En ese sentido, el neoliberalismo permeó de tal forma el mundo de la cultura y especialmente el de las artes visuales que lo convirtió en otra cosa. Si convenimos que esto es así, entonces quiere decir que lo que “el mundo de las artes visuales” es (muy en plural y sin inmanencias) posiblemente esté allí, adormecido, quizás exista aún, o tal vez no, pero merezca ser rescatado de su situación residual.
Pero, si así fuera: ¿dónde encontrarlo?, ¿cómo rescatarlo? Quizás el sitio sea el de la experiencia; ese tipo singular de “experiencia” que se habría ido diluyendo en otras dinámicas. Me refiero, claro, a la “experiencia estética”. Asalta allí otra pregunta: ¿dónde ha quedado este tipo peculiar de experiencia en medio de la farandulización y turistización del sistema del arte?

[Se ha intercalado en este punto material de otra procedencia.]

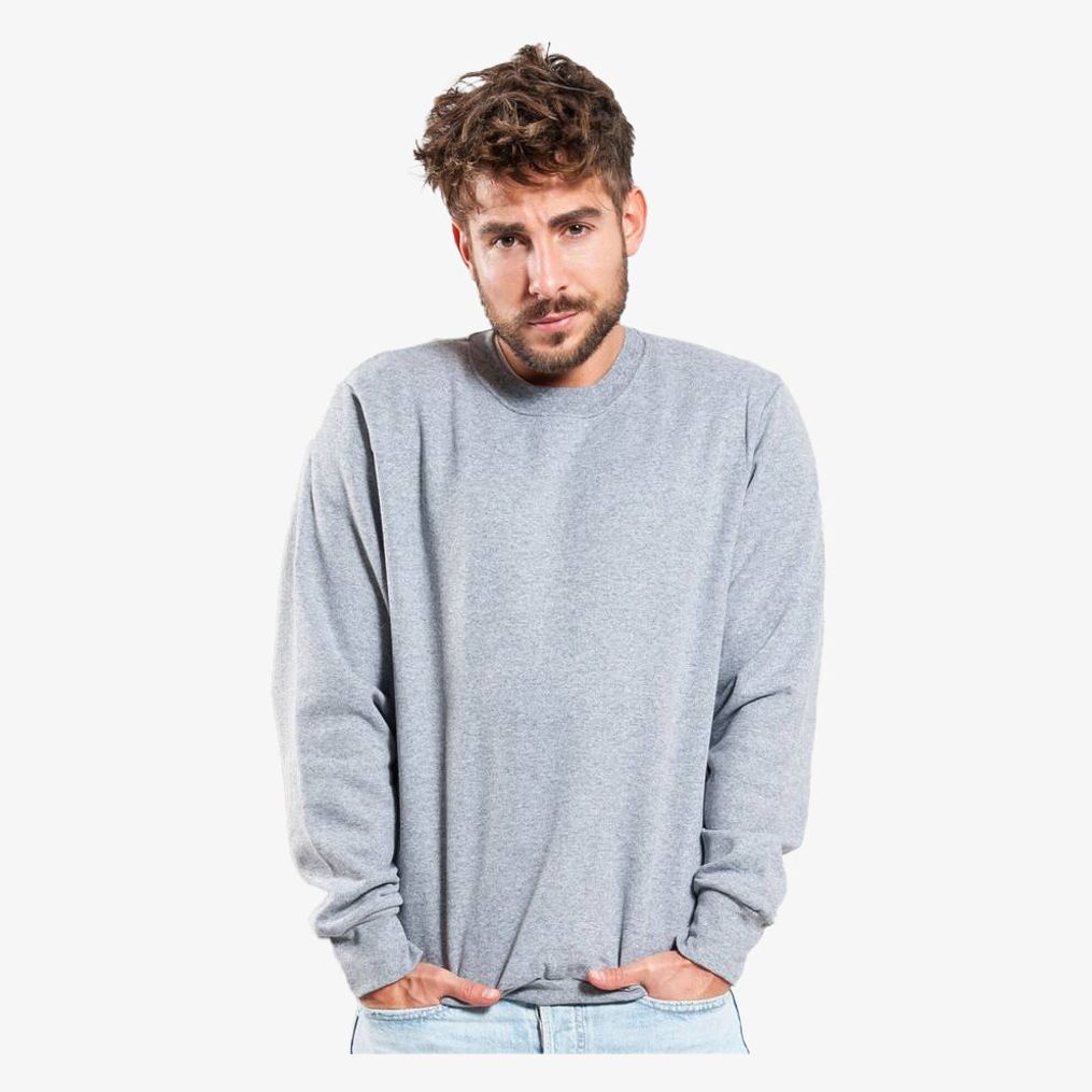 Le sweat col rond est une coupe tubulaire équipée d'un col rond et de poignets taille bord côte. Sa composition associe 70% coton et 30% polyester.

Creo que una vez más la historia sirve para pensar y pensarnos. Así como la noción de arte es una noción históricamente situada y con ella la de la “experiencia estética”, me atrevo a sugerir que esos otros lugares y experiencias que tuvimos en los últimos tiempos en aquellas propuestas tan altamente procesadas por ideas como las de espectacularización, demandas de un público que quiere “distraerse”, “divertirse” y todo aquello que fue situando la oferta artística en el lugar del ocio, pero lejos de aquella noción de “ocio creativo”… Y podemos preguntarnos también dónde queda, en ese marco, el “arte”, ese “arte” definido como tal en la modernidad (pensando en los procesos de delimitación de los espacios para las artes que –aunque travestidos– reconocemos hoy día como integrados en la “institución arte”).

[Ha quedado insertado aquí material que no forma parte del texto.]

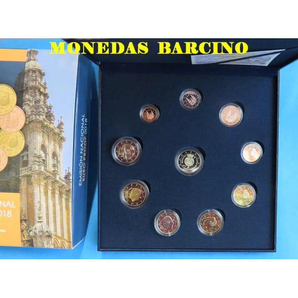 Coleccion de 10 monedas de España año 2018 valor en Euros en calidad Proof Monedas Euro set con capsula en Estuche Oficial Rey Felipe VI Valores 1 centimos - 2 Centimos- 5 Centimos - 10 centimos - 20 Centimos - 50 centimos + 1 euro - 2 euros + 2 moneda de 2 euros conmemorativos de Santiago de Compostela y del Aniversario del rey Felipe VI - 10 monedas Proof con capsula y estuche oficial con certificado de la FABRICA NACIONAL DE MONEDA Y TIMBRE 2022
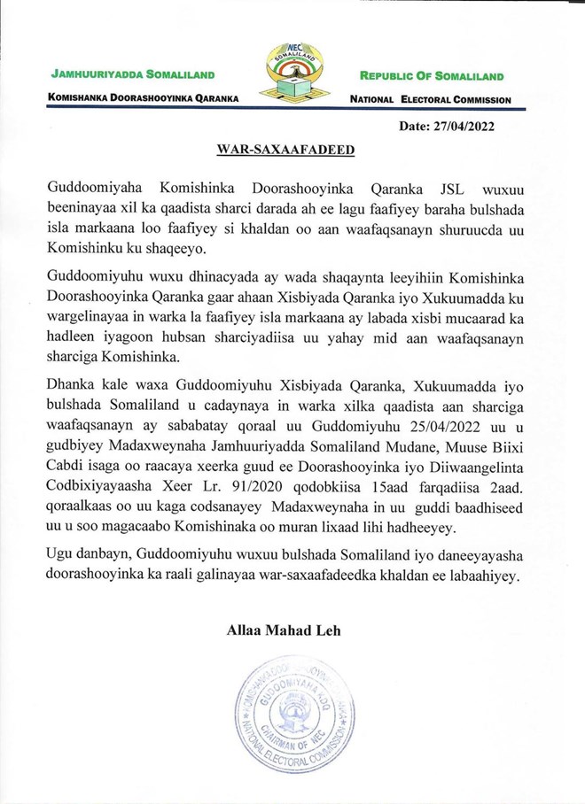 Arbaco, April, 27, 2022 (HOL) - Qoraal lagu baahiyay boga Guddida Doorashooyinka Somaliland, ayaa lagu sheegay in guddoomiyaha guddida Cabdirashiid Maxamuud Cali (Riyo-raac), uu wali yahay guddoomiyaha guddida.

Recuerdo cuando en 1989, a doscientos años de la Revolución francesa, toda Francia celebraba sus consignas republicanas de Libertad, igualdad y fraternidad en sus monumentos, museos y otros sitios patrimoniales como conmemoración, pero también como punto de arribo de un proceso de democratización cultural iniciado 200 años antes (o un poco más) y de definición hacia la ciudadanía –propia y global– de una política cultural que derramaba su sentido sobre una vasta zona de las acciones de la nación. Restauró, actualizó, recicló espacios y con ellos formas de acceso a ellos, y no me refiero solamente a eso que se entiende por “accesibilidad” restringido a establecer rampas y dispositivos que den ingreso a estos espacios a quienes tengan capacidades diferentes. Pienso en “acceso” también en el sentido de ampliar audiencias, abrirse a otros públicos y hacer de los museos las “catedrales del siglo XXI”, como se repitió tantas veces. Junto con este proceso observado en Francia y también en otras grandes “capitales culturales”, varias señales daban el “toque de largada” de la posmodernidad, el fin de los “grandes relatos”, el “fin de la historia” y de la “vida moderna” como la conocíamos.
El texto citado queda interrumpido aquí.